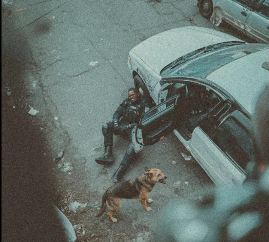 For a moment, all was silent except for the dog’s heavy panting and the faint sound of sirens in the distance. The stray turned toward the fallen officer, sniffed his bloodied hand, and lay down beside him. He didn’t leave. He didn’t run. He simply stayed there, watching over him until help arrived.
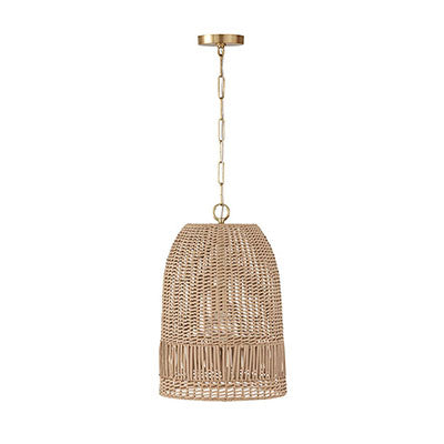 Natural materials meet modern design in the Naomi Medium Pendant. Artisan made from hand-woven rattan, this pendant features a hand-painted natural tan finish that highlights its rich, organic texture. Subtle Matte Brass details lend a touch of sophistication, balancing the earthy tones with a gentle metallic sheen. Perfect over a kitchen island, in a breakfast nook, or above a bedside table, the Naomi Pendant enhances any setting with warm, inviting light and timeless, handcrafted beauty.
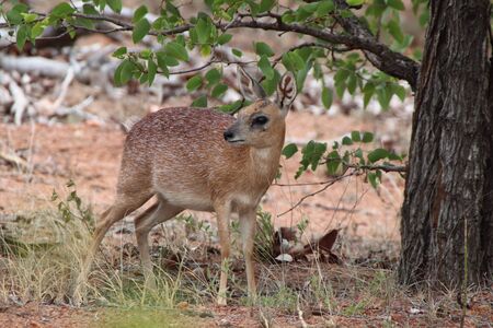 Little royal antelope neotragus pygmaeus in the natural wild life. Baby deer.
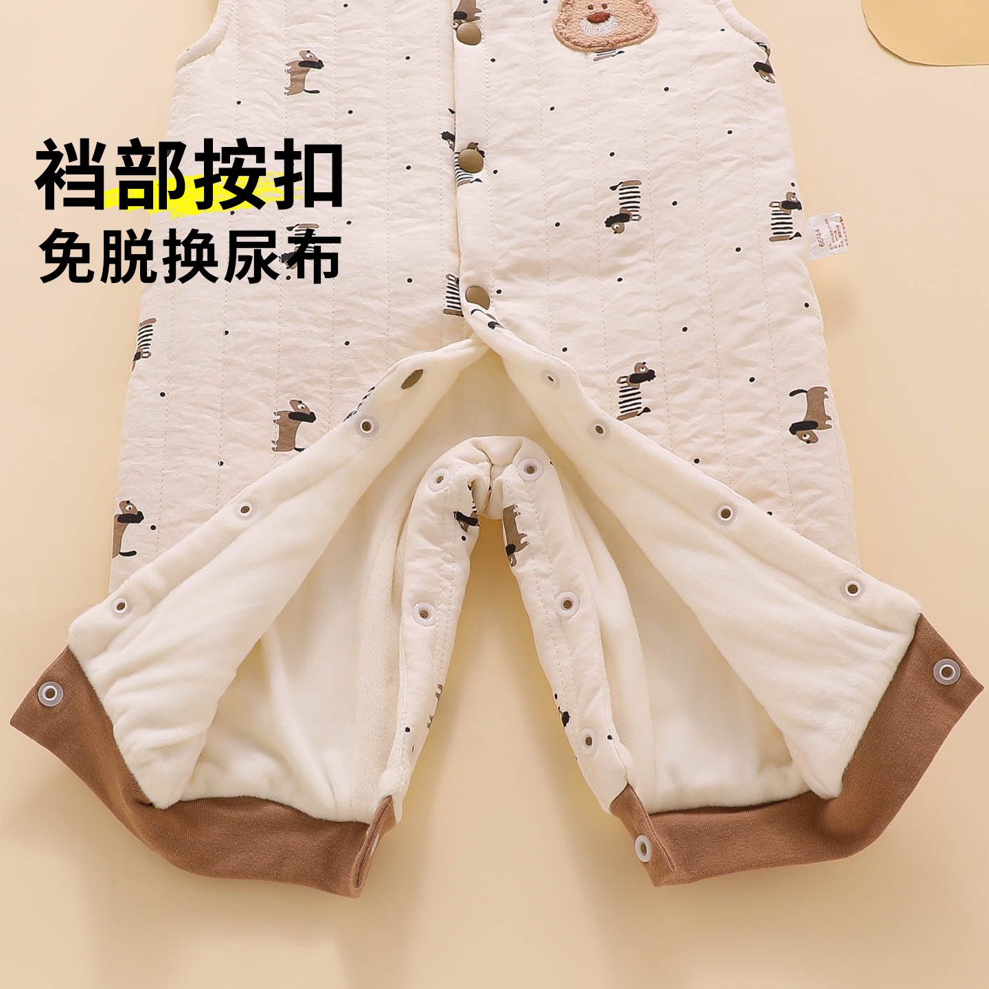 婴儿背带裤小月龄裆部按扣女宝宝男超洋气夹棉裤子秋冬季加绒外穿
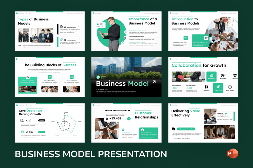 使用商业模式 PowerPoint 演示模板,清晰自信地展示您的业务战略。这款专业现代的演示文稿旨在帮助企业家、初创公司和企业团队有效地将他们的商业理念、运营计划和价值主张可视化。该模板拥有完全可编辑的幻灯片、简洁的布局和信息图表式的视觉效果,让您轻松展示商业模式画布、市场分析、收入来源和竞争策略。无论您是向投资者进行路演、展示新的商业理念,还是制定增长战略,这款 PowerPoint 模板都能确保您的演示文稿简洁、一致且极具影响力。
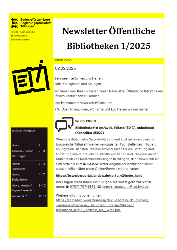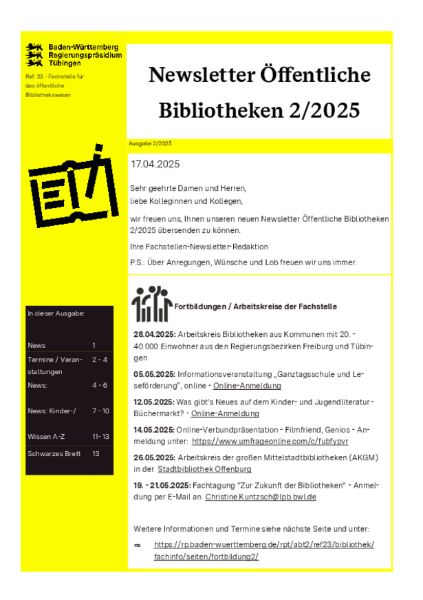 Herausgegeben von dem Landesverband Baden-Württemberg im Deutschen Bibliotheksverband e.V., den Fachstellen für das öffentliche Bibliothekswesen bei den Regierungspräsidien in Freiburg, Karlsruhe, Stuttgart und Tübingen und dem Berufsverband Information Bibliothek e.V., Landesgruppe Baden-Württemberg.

_ _ _

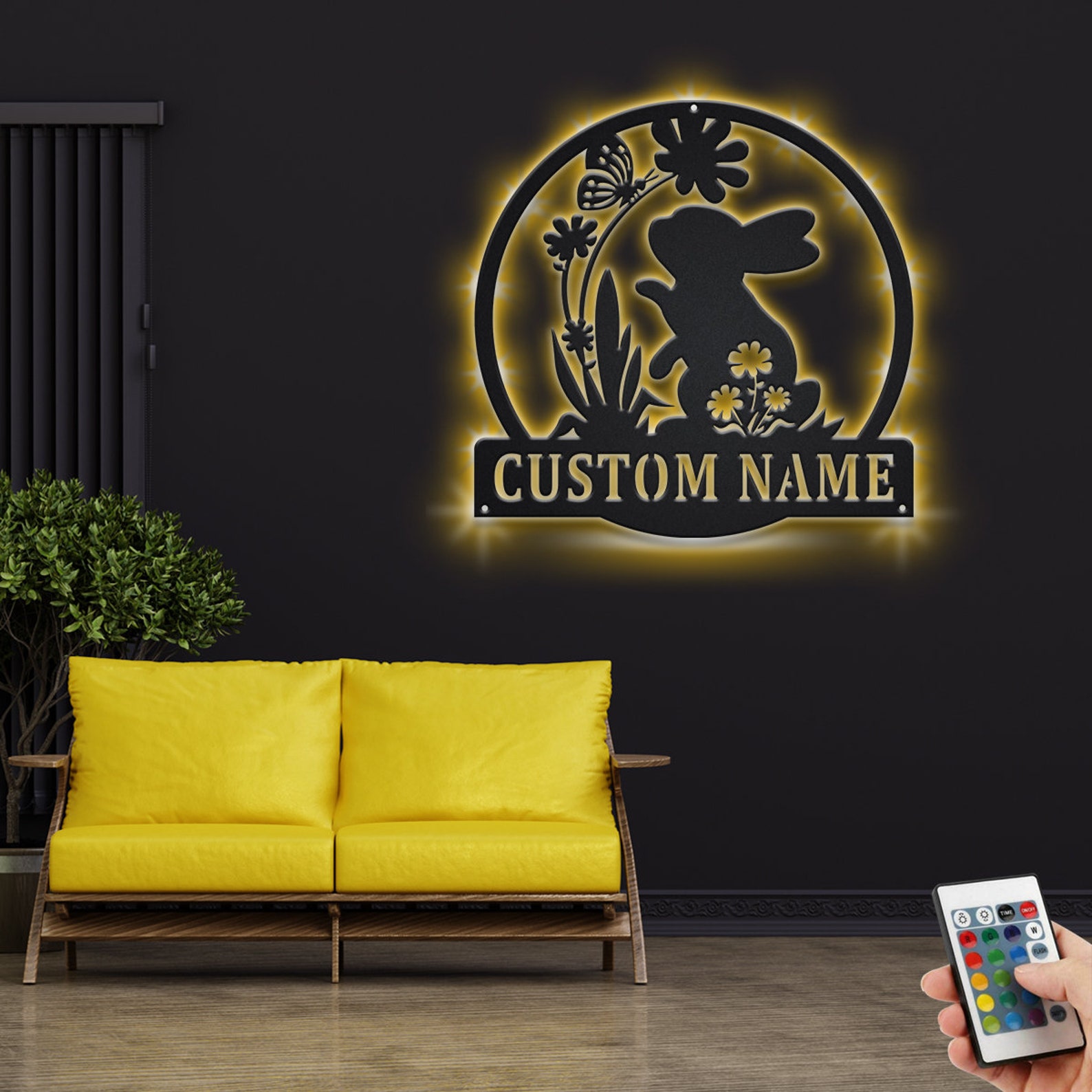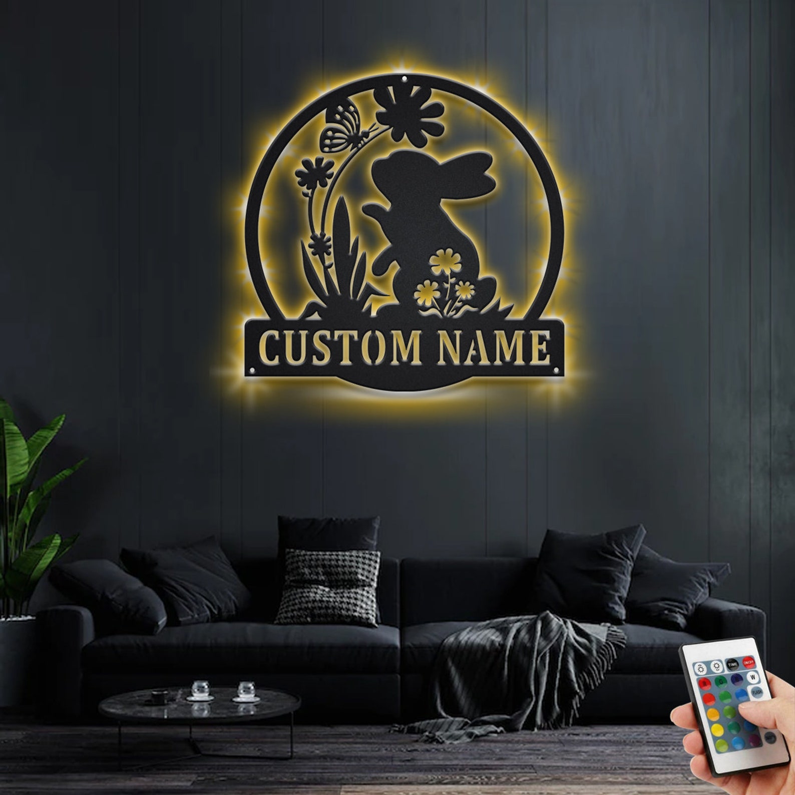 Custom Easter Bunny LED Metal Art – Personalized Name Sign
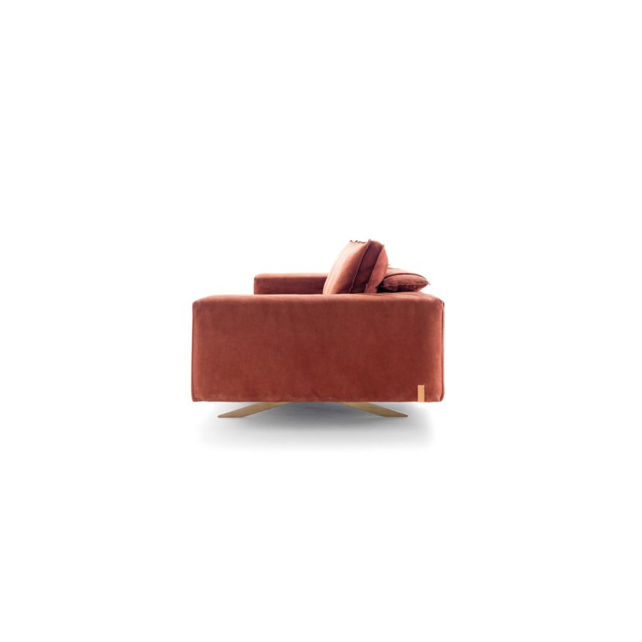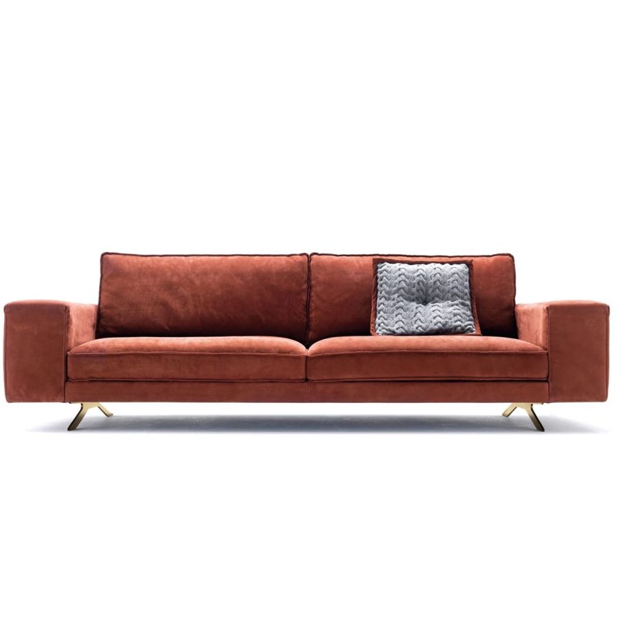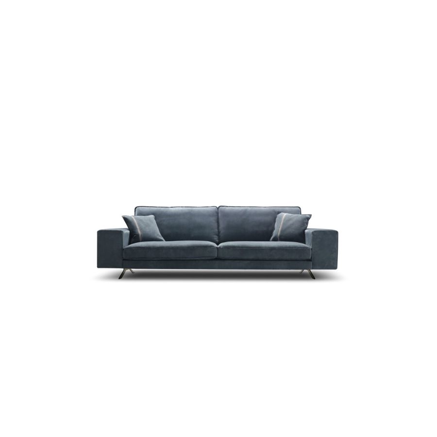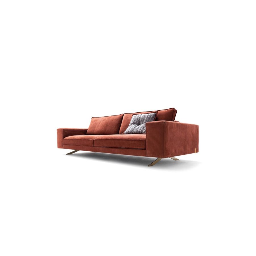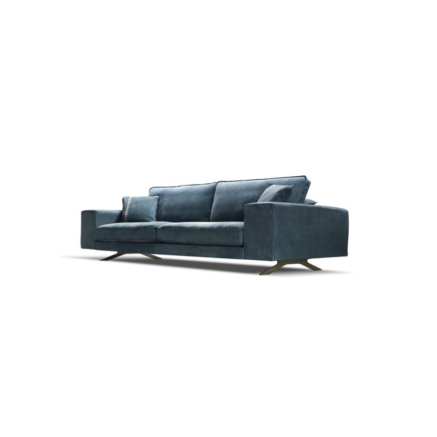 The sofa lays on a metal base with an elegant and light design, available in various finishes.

_ _ _

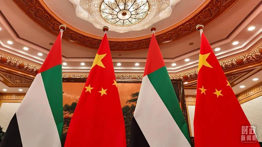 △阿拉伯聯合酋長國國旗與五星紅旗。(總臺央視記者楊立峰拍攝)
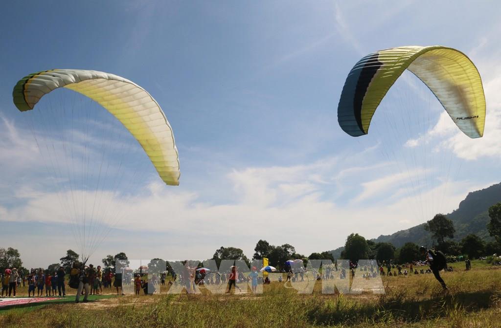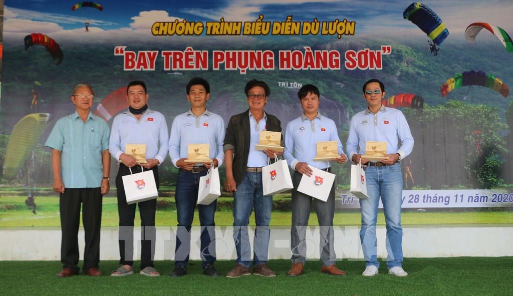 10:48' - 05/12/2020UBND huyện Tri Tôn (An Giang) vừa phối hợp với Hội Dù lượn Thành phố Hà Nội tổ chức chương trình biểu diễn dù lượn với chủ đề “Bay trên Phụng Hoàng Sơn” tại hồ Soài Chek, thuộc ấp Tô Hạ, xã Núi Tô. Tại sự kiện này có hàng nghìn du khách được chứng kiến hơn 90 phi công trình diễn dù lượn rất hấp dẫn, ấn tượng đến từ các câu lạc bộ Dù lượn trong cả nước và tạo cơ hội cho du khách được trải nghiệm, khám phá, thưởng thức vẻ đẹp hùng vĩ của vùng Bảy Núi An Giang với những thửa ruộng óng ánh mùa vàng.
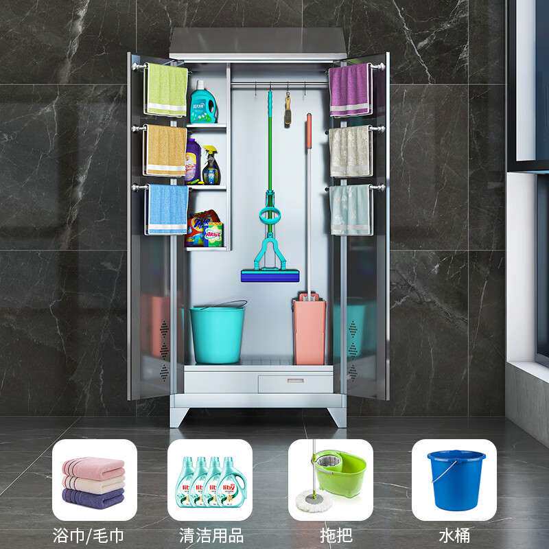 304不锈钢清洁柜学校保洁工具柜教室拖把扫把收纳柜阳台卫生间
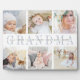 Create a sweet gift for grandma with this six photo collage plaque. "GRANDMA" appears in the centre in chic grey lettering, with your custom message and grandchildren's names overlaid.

_ _ _

ABOUT THIS TASK:
In the data above, find the line with "Natural materials meet" and the line with "Herausgegeben von dem". Please copy exactly those two lines and every line between them, but not the pictures.

RESULT FOR THIS EXERCISE:
 Natural materials meet modern design in the Naomi Medium Pendant. Artisan made from hand-woven rattan, this pendant features a hand-painted natural tan finish that highlights its rich, organic texture. Subtle Matte Brass details lend a touch of sophistication, balancing the earthy tones with a gentle metallic sheen. Perfect over a kitchen island, in a breakfast nook, or above a bedside table, the Naomi Pendant enhances any setting with warm, inviting light and timeless, handcrafted beauty.
 Little royal antelope neotragus pygmaeus in the natural wild life. Baby deer.
 婴儿背带裤小月龄裆部按扣女宝宝男超洋气夹棉裤子秋冬季加绒外穿
 使用商业模式 PowerPoint 演示模板,清晰自信地展示您的业务战略。这款专业现代的演示文稿旨在帮助企业家、初创公司和企业团队有效地将他们的商业理念、运营计划和价值主张可视化。该模板拥有完全可编辑的幻灯片、简洁的布局和信息图表式的视觉效果,让您轻松展示商业模式画布、市场分析、收入来源和竞争策略。无论您是向投资者进行路演、展示新的商业理念,还是制定增长战略,这款 PowerPoint 模板都能确保您的演示文稿简洁、一致且极具影响力。
 Herausgegeben von dem Landesverband Baden-Württemberg im Deutschen Bibliotheksverband e.V., den Fachstellen für das öffentliche Bibliothekswesen bei den Regierungspräsidien in Freiburg, Karlsruhe, Stuttgart und Tübingen und dem Berufsverband Information Bibliothek e.V., Landesgruppe Baden-Württemberg.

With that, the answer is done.